The Duchess swept her skirts. ‘Sire. The Queen wishes to know. Have you ever given a lady not your wife a lacs d’amour? A love knot?’
My heart bumped a little against my ribs. I was wearing one. A simple interlacing of silver threads to form a knot in the shape of a heart. Little more than a simple fairing bought from a pedlar, a mere trifle lacking any fervent inscription, but it was a gift from John on my recent return, chosen because it was innocuous. I deliberately smoothed the girdle I was stitching beneath my fingers.

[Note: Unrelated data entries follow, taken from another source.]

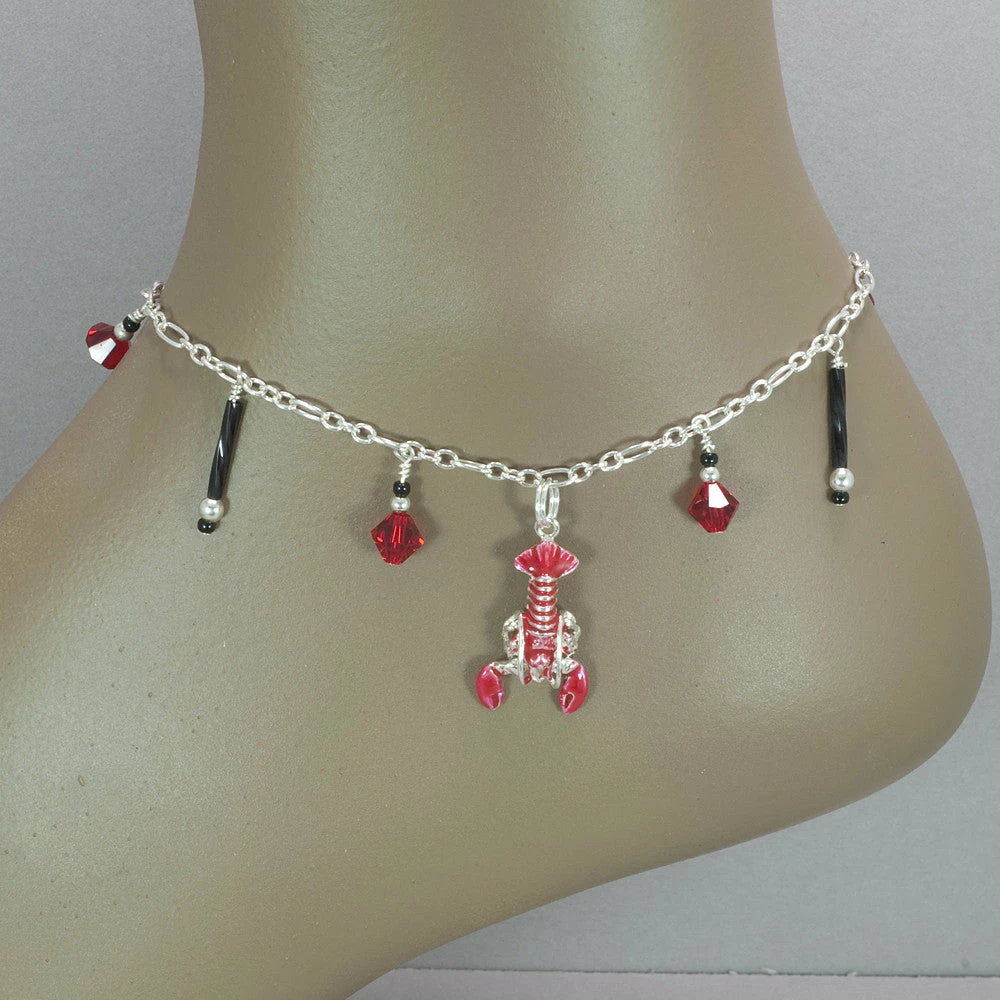 One of a kind anklet with a sterling silver and enamel lobster charm, with articulated claws (so cute), accented with red and black crystal beads all on a sterling silver chain. Lobster clasp. Adjustable length measuring 10 3/4″ at the longest.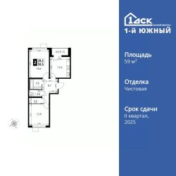 Продаётся 2-к квартира номер 302 общей площадью 59.5 кв.м. на 19-м этаже 25 этажного здания. Чистовая отделка. Цена с учётом скидки.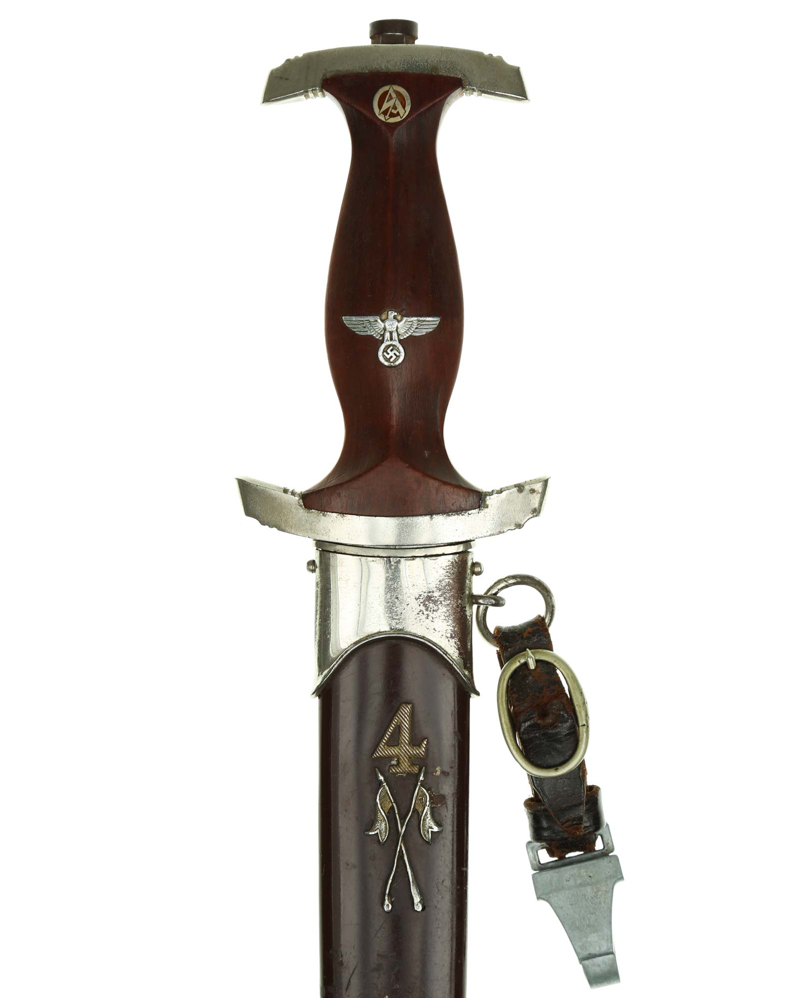 Dienstdolch der Sturmabteilung [SA] in früher Fertigung 1933-1935. Sehr seltener Hersteller auf der Klinge: Eickelnberg & Mack Solingen. Scheide mit Emblem (Fahnen, überkreuzt).
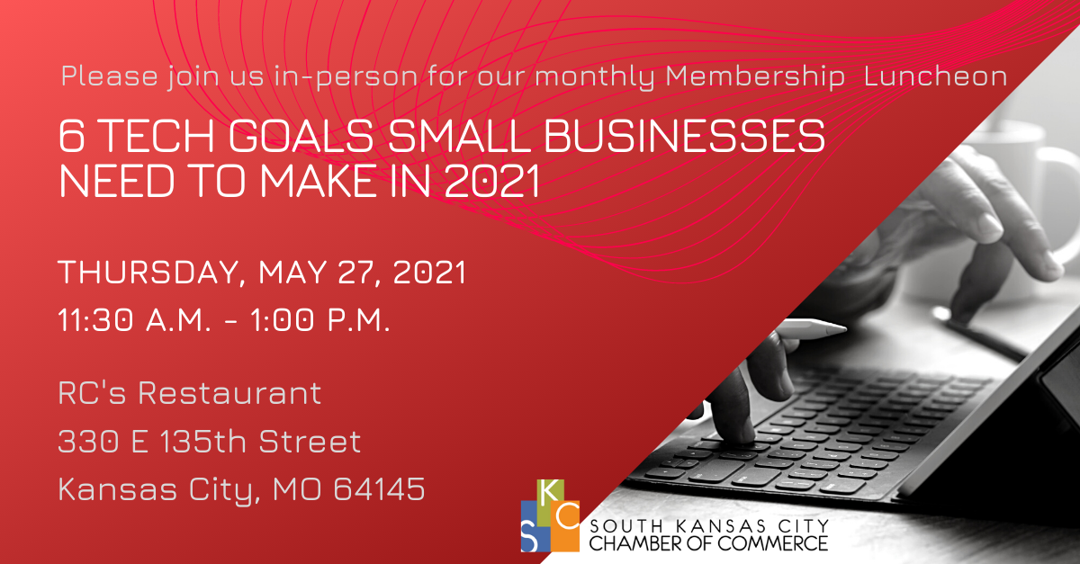 Please join us in-person for our monthly luncheon as we hear from Burton Kelso with Integral as he talks about 6 Tech Goals Small Businesses Need to Make in 2021.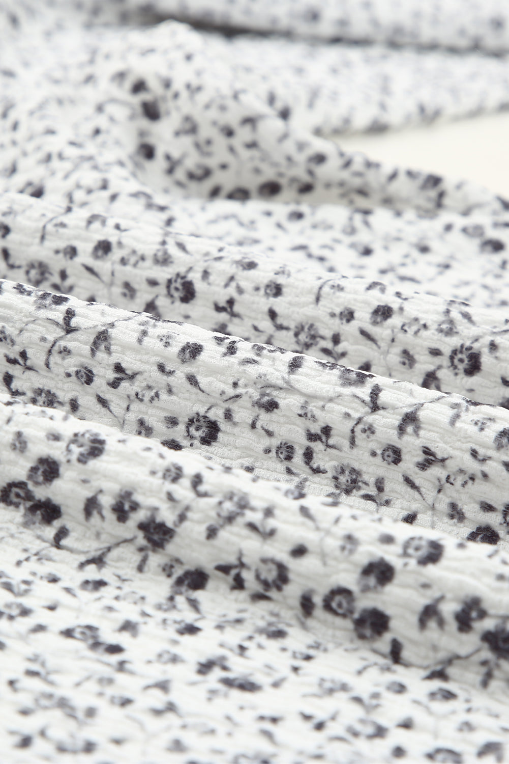 Blusa con mangas de burbuja con volantes arrugados y estampado floral negro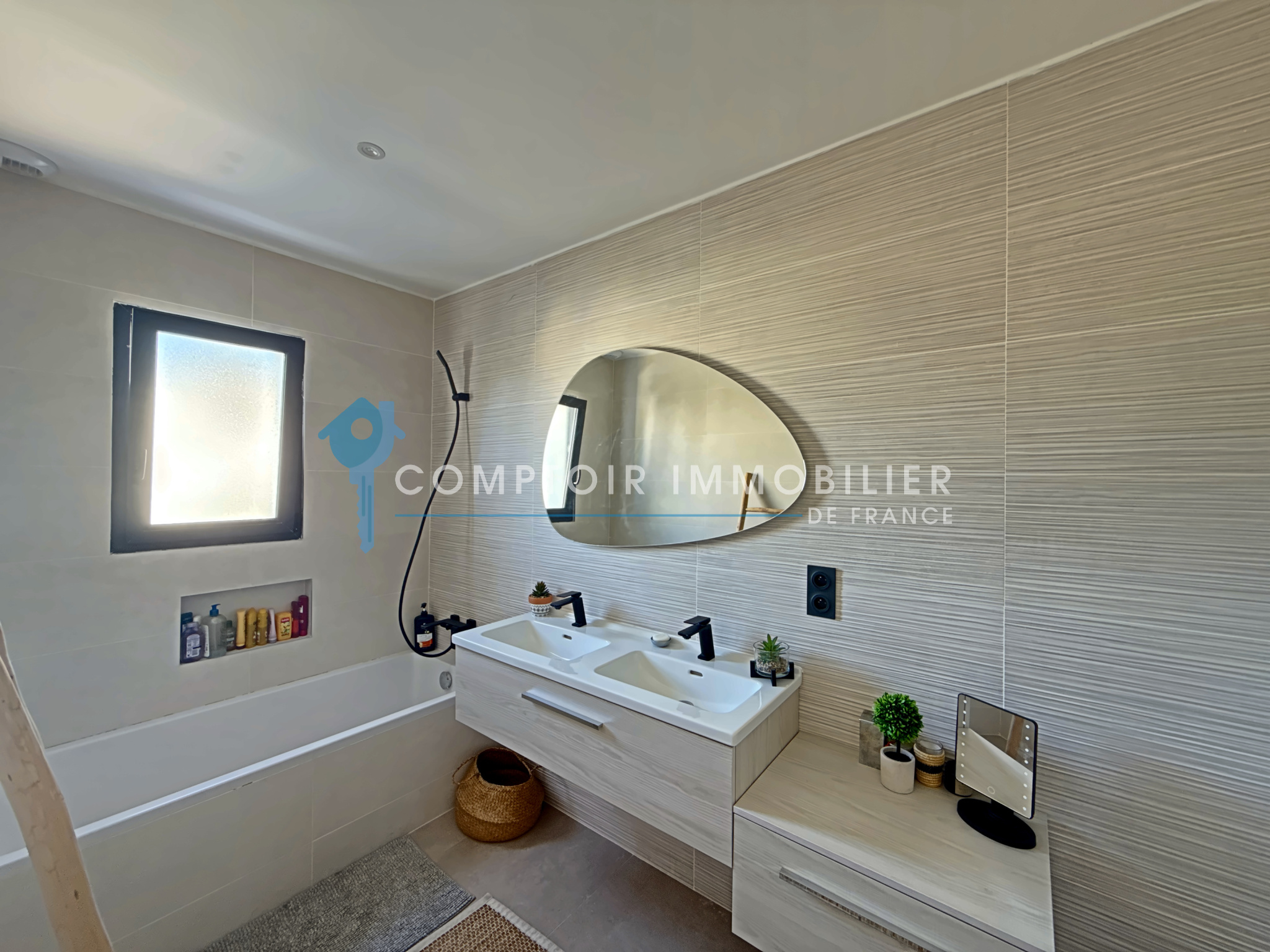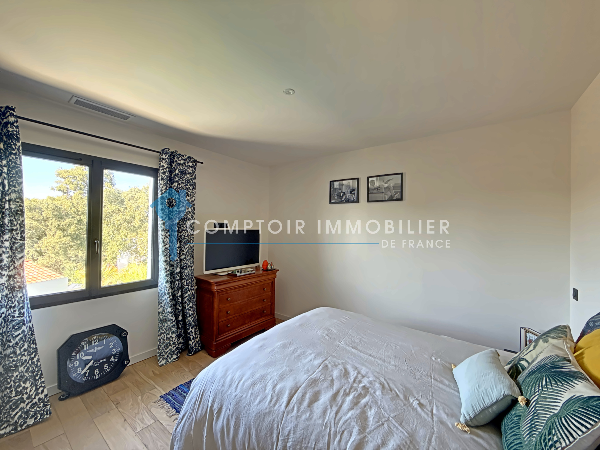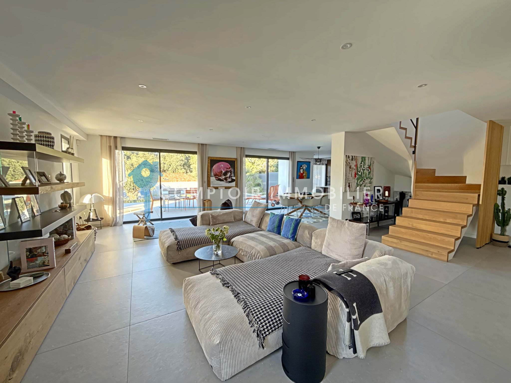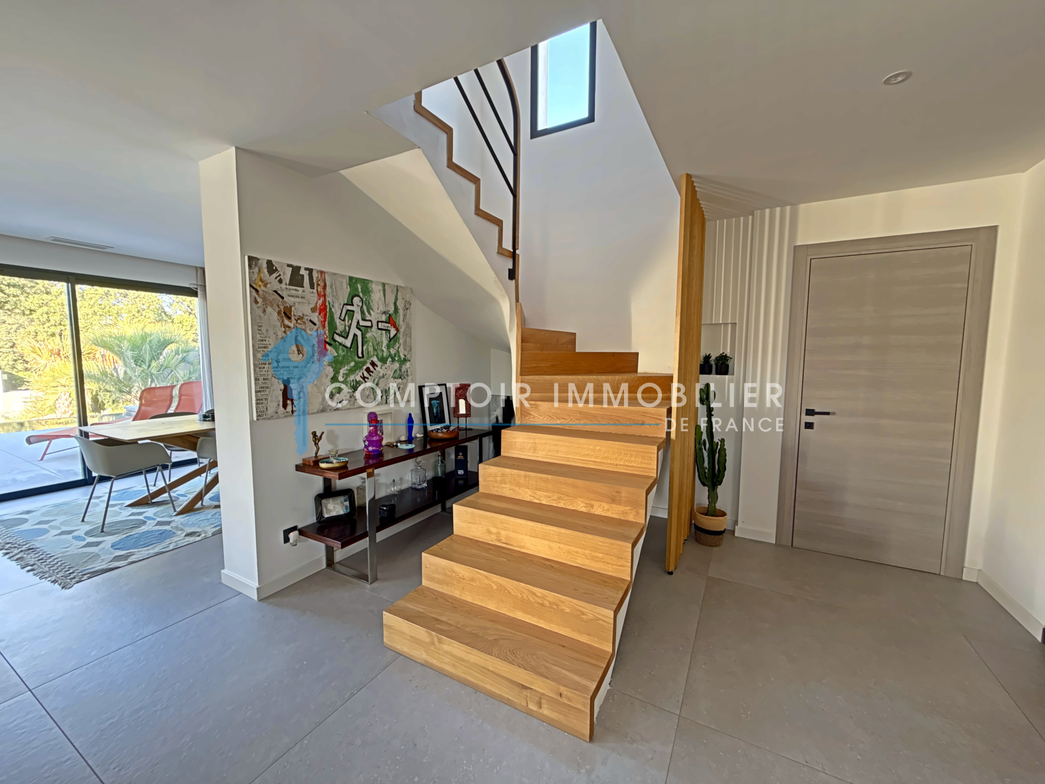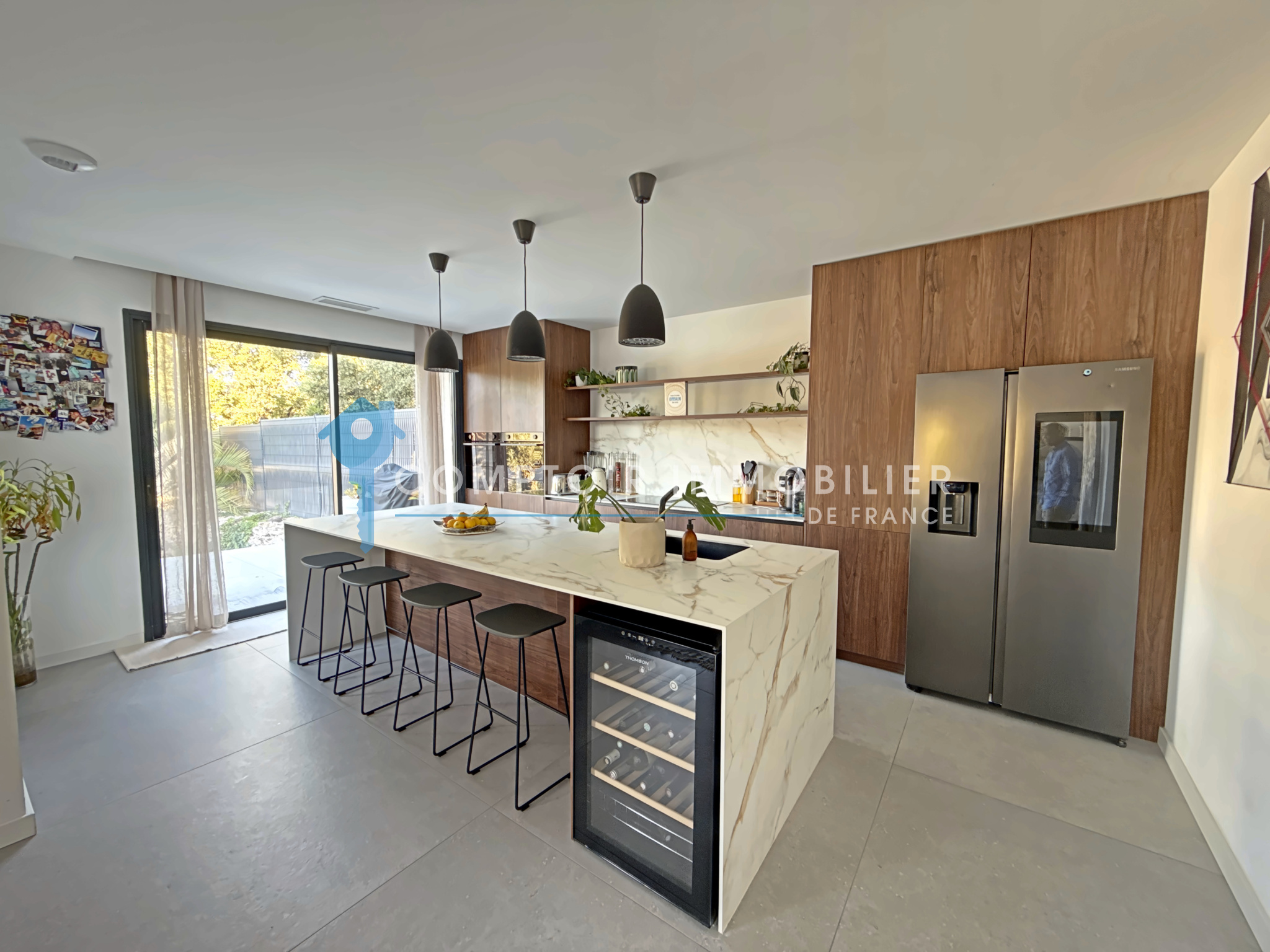 Au rez-de-chaussée, profitez d'une très grande pièce de vie baignée de lumière, d'une cuisine haut de gamme entièrement tournée vers la piscine et d'une spacieuse suite parentale avec salle d'eau .

‘Indeed I have, Lady.’ John’s laughter was supremely confident as he set himself to entertain the group. ‘I must have given a score or more in my lifetime. And some here present. To Mistress Chaucer and Lady de Swynford. For services to my late Duchess.’
‘Indeed?’ Constanza’s gaze roved over me and Philippa with sharpened interest.
‘Yes, my lady.’ I touched my fingers to the little badge.
‘And I think Lady Alice might have one in her treasure coffer amongst all the other gems she has amassed over the years at my grateful hand.’
‘I think I have three…’ Lady Alice smiled despite her misgivings at the whole tenor of the conversation.
‘So many…’ John expressed admirable surprise. ‘How did you manage that?’
‘I’ve been in your household many years, John.’
‘I have never had a lover’s knot,’ proclaimed Elizabeth.
‘You are too young for such fripperies,’ I said gently, ‘but perhaps for your next New Year’s gift someone might buy you one.’
‘And I suppose that might be me,’ the Duke said. ‘So to answer your question, as you see, Lady, I have given far too many, and will doubtless give more.’
‘The Queen seems to have been neglected!’ Constanza raised an arch brow.
‘Then it is shame on me. The King will remedy it instantly. But you asked if the King had so awarded a love knot to a lady not his wife,’ he reproved.
Constanza flushed but continued with a distinct toss of her head.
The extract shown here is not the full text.